Belo Horizonte é um município brasileiro e a capital do estado de Minas Gerais. Sua população é de 2 315 560 habitantes, segundo o censo de 2022, sendo o sexto município mais populoso do país, o terceiro da Região Sudeste e o primeiro de seu estado. Com uma área de aproximadamente 331 km², possui uma geografia diversificada, com morros e baixadas. Com uma distância de 716 quilômetros de Brasília, é a segunda capital de estado mais próxima da capital federal, depois de Goiânia.

Cercada pela Serra do Curral, que lhe serve de moldura natural e referência histórica, foi planejada e construída para ser a capital política e administrativa do estado mineiro sob influência das ideias do positivismo, num momento de forte apelo da ideologia republicana no país.[9] Sofreu um inesperado crescimento populacional acelerado, chegando a mais de um milhão de habitantes com quase setenta anos de fundação. Entre as décadas de 1930 e 1940, ocorreu também o avanço da industrialização, além de muitas construções de inspiração modernista, notadamente as casas do bairro Cidade Jardim, que ajudaram a definir a fisionomia da cidade.

A capital mineira é sede da terceira concentração urbana mais populosa do país. Belo Horizonte já foi indicada pelo Population Crisis Commitee, da ONU, como a metrópole com melhor qualidade de vida na América Latina e a 45.ª entre as 100 melhores cidades do mundo (dados de 2008). Em 2010, a cidade gerou 1,4% do PIB do país, e, em 2013, era o quarto maior PIB entre os municípios brasileiros, responsável por 1,53% do total das riquezas produzidas no país.
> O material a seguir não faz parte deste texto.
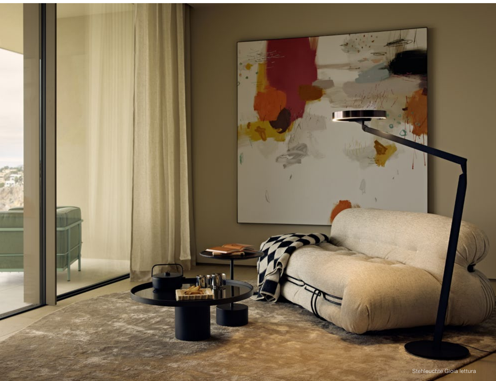
Stehleuchte Gioia lettura

Geselligkeit zum einen, Privatsphäre zum anderen: Direkt an die Master-Suite angeschlossen, befindet sich eine gemütliche Lounge, in die man sich zurückziehen kann. Auch von hier aus bietet sich ein fantastischer Blick über die Bucht, den man sich nicht entgehen lassen möchte. Neben dem Sofa sorgt die schwenkbare Stehleuchte Gioia lettura mit ihrem Focuslight für ideales Licht zum Lesen sowie für eine einladende Grundstimmung im gesamten Raum.

Uma evidência do desenvolvimento da cidade nos últimos tempos é a classificação da revista América Economía, na qual, já em 2009, Belo Horizonte aparecia como uma das dez melhores cidades latino-americanas para fazer negócios, segunda do Brasil (atrás de São Paulo) e à frente de cidades como Rio de Janeiro, Brasília e Curitiba.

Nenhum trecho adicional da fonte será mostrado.